Adam Bartosiewicz

Adam Bartosiewicz Tax Adviser ;
Solicitor

Temat: Pierwsze zasiedlenie - część nieruchomości

Będę drążył dalej temat pierwszego zasiedlenia.

Pierwsze zasiedlenie może dotyczyć "części budynku, bądź części budowli".
Wydaje mi się, że zasadniczo dotyczy to przede wszystkim lokali.
Uważam także, że pierwsze zasiedlenie (w przypadku części budynku) działa na tej zasadzie, że jeśli zasiedlono część budynku, to potem sprzedaż tej właśnie części budynku (jako odrębnego towaru) będzie skutkować ewentualnym zwolnieniem (po upływie 2 lat. etc.).

Uważam natomiast, że nie może być tak, że przykładowo - w budynku wynajęto pomieszczenie stanowiące dajmy na to 10% powierzchni, w związku z czym w okresie późniejszym sprzedaż całego budynku będzie: w 90% opodatkowana, zaś w 10% zwolniona.
To wydaje mi się niedopuszczalne.

Ponadto - mamy tutaj w ogóle pytanie: czy dana sprzedaż (jednego towaru, jednej usługi) poza przypadkami, gdy jest to wyraźnie i jednoznacznie przewidziane w przepisach prawa (vide: budownictwo społeczne i duże powierzchnie) może być opodatkowana różnymi stawkami?

[edit]
znalazłem dzisiaj jedną tezę w kwestii ostatniego:
I SA/Wr 1876/09 wyrok wsa 2010.01.26
3. Niedopuszczalne jest dzielenie przedmiotu sprzedaży na poszczególne składniki wyłącznie w celu zróżnicowania stawek podatkowych, jeśli na gruncie prawa cywilnego jest to jeden przedmiot sprzedaży.

EDIT: Przesuwam do góry:
Naprawdę nikt nie ma opinii....?Adam Bartosiewicz edytował(a) ten post dnia 27.10.10 o godzinie 21:00
Tomasz Siennicki

Tomasz Siennicki Doradca podatkowy

Temat: Pierwsze zasiedlenie - część nieruchomości

Z pewnością ma, tylko - wygląda na to - że ludzie zarobieni są. Ja na ten przykład dodatkowo niedawno miałem "ciche dni" w domu jak mnie żona przyłapała (no, może przyłapała to złe słowo, bo się z tym nie kryłem), że o 22 z minutami siedzę na Goldenline, zamiast... no wiadomo gdzie. W jej rozumieniu to sobie pisze o "duperelach", z czym się z gruntu zgodzić oczywiście nie można, ale zrozumienia w tej kwestii u mojej małżonki nie znalazłem.

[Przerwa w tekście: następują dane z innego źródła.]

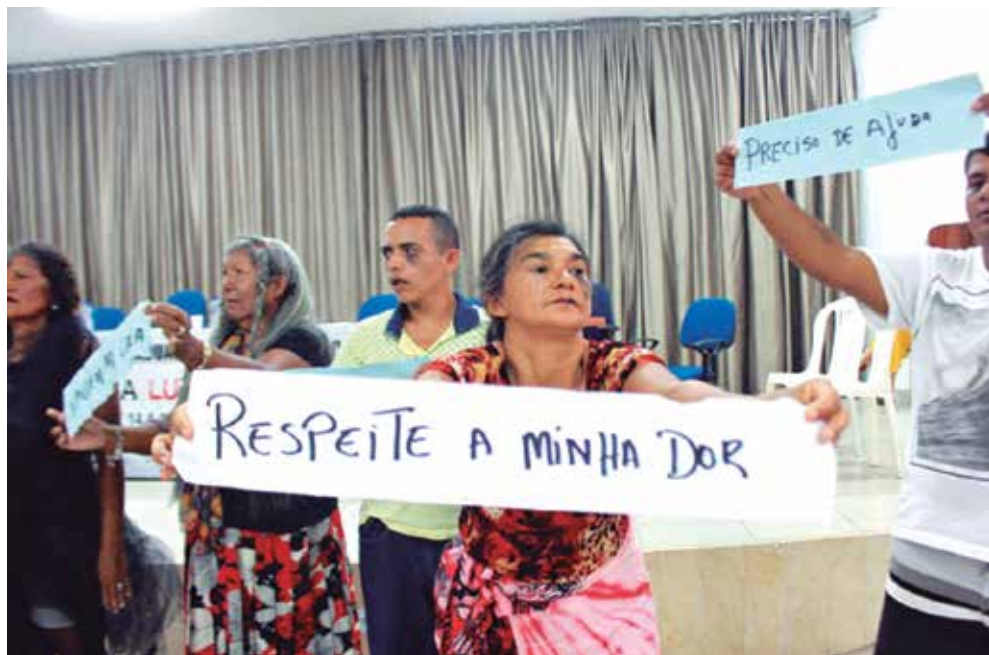
Programação alerta para a necessidade de uma sociedade sem manicômios e com mais inclusão

■ Familiares e usuários dos serviços de saúde mental saem às ruas por uma sociedade sem manicômios

Jeżeli chodzi natomiast o temat, to sprawa jest oczywiście ciekawa (jak zresztą chyba wszystkie do tej pory na tym forum). Ale ogólne stwierdzenie, że oddanie do użytkowania tylko części budynku (w warunkach PZ), nie może mieć znaczenia dla całego budynku, byłoby chyba co najmniej mylące.

Jeżeli np. wynajmujemy części powierzchni w budynku, w którym jest tylko jeden lokal (np. hala magazynowa), a pozostała część jest użytkowana przez podmiot, który tą halę wybudował, czy też nie mamy pierwszego zasiedlenia? Wydaje mi się, że owszem, mamy. Oczywiście sprawę można próbować wyjaśnić w ten sposób, że korzystanie z części powierzchni w takich warunkach wymagało de facto korzystania z całości w jakimś zakresie.

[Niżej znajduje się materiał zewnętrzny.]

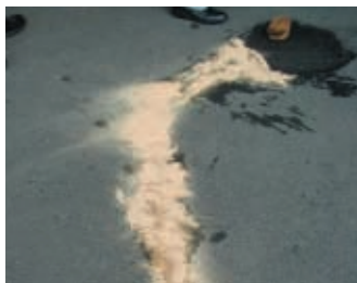
漏出したオイルをおがくすで吸収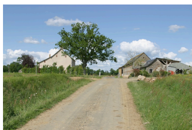
Vue d'ensemble depuis le sud-ouest. IVR52_20035301770NUCA

Sprawa zdecydowanie komplikuje się w sytuacji, w której mamy budynek z samodzielnymi lokalami, np. mieszkalnymi. Jeden z nich sprzedaliśmy. Wówczas już nie możemy zbyć całości budynku, tylko jego część lub części (właśnie, jedną czy wiele???), do tej pory niezasiedlone.

Jeszcze bardziej skomplikowana będzie sytuacja gdy mieliśmy 10 samodzielnych lokali, jeden wynajęliśmy, dziewięciu używamy sami. Po dwóch latach od wynajęcia sprzedajemy cały budynek, ale jako całość (przynajmniej z prawnego punktu widzenia), nie wyodrębniami i nie zbywamy części budynku. Budynek był zasiedlony (w części), ale nie zbywamy jego części, tylko całość. Czy nie powinno to być decydujące? Że budynek jednak był zasiedlony?

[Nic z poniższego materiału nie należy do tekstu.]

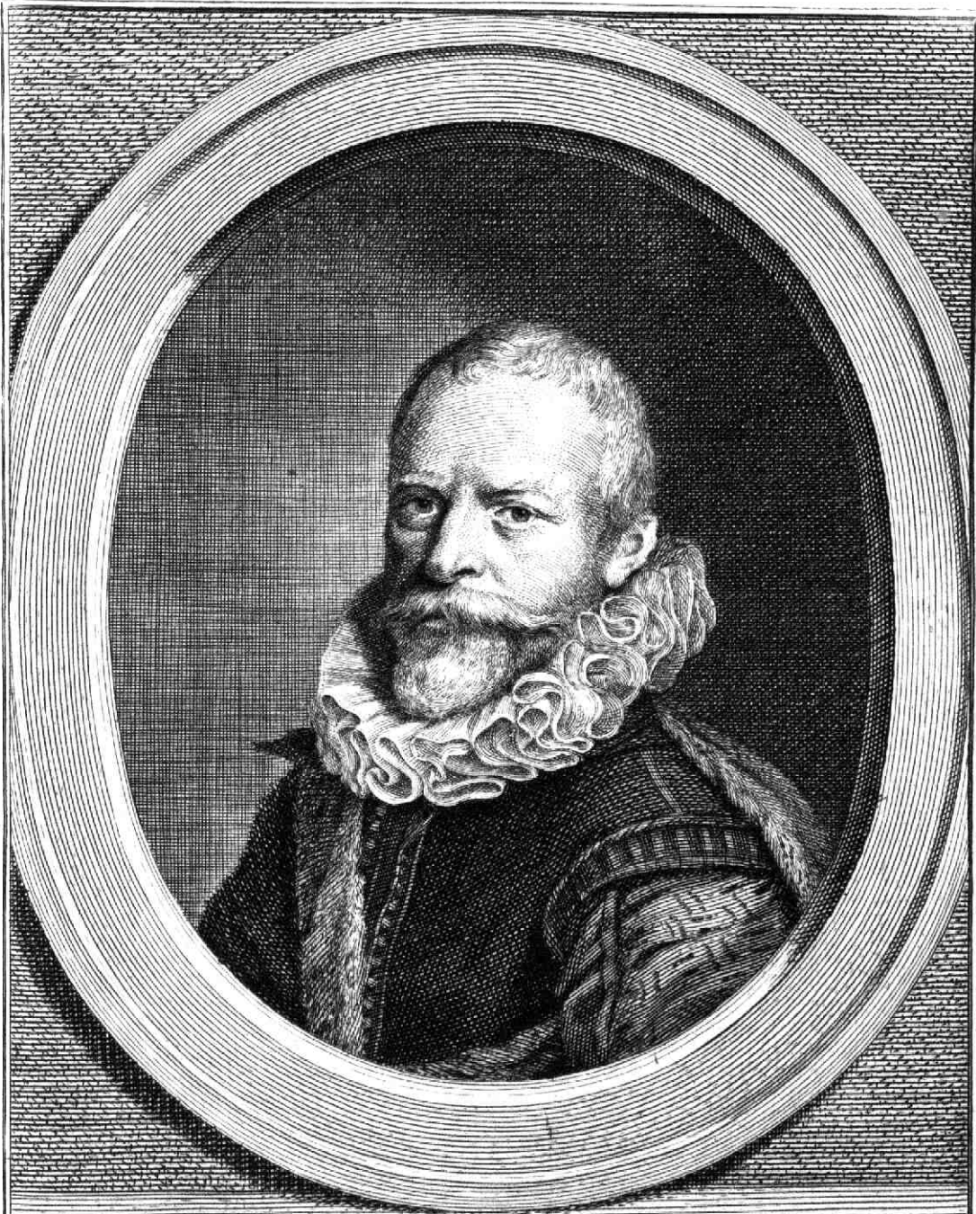
MR. ROMBOUT HOGERBEETS, Pensionaris van Leiden.

Ale zastanawiam się też nad inną kwestią z tym związaną (rozstrzyganą już kiedyś w orzecznictwie, jednak konkluzja była odmienna). Co w takiej sytuacji jest towarem? Czy – ekonomicznie rzecz ujmując – nie może być tak, że każdy z lokali – pomimo braku prawnego wyodrębnienia – nie mógłby być uznany za odrębny towar? Bo jak właściciel nieruchomości dokona wyodrębnienia własności jednego lokalu w budynku, w którym jest ich więcej, na rzecz nabywcy, to z oczywistych względów nie zbywa potem budynku. Czy dokonując ich zbycia, dokona dostawy części budynku (jednej) na którą będzie składało się kilka lokali, czy też będzie dokonywał dostawy kilku części budynku w postaci lokali. Ale jak przyjmiemy, że kilku części, to jaka to różnica (ekonomicznie) w sytuacji, gdyby tego jednego wyodrębnienia nie było?
Kamil Lewandowski

Kamil Lewandowski FL Tax Doradcy
podatkowi, wspólnik

Temat: Pierwsze zasiedlenie - część nieruchomości

A kto powiedział, że trzeba wynająć/sprzedać żeby doszło do pierwszego zasiedlenia??? Jeśli dyskutujemy nad przepisami w szerszym wymiarze, to warto się zastanowić czy "ktoś" tworząc definicję pierwszego zasiedlenia nie rozminął się znacznie z celem Dyrektywy? W moim przekonaniu rozminął się i to znacznie. Zachęcam do bardziej gruntownej refleksji.
Tomasz Siennicki

Tomasz Siennicki Doradca podatkowy

Temat: Pierwsze zasiedlenie - część nieruchomości

Problem ten jest niezależny od definicji pierwszego zasiedlenia, co do której – jak wiesz już – mamy sprecyzowane poglądy.
Tomasz Siennicki

Tomasz Siennicki Doradca podatkowy

Temat: Pierwsze zasiedlenie - część nieruchomości

A tak na marginesie, w najnowszej Jurysdykcji jest o wyroku NSA, w którym sąd zaprezentował właśnie tezę, że lokal jest towarem, nawet jeżeli nie jest prawnie wyodrębniony.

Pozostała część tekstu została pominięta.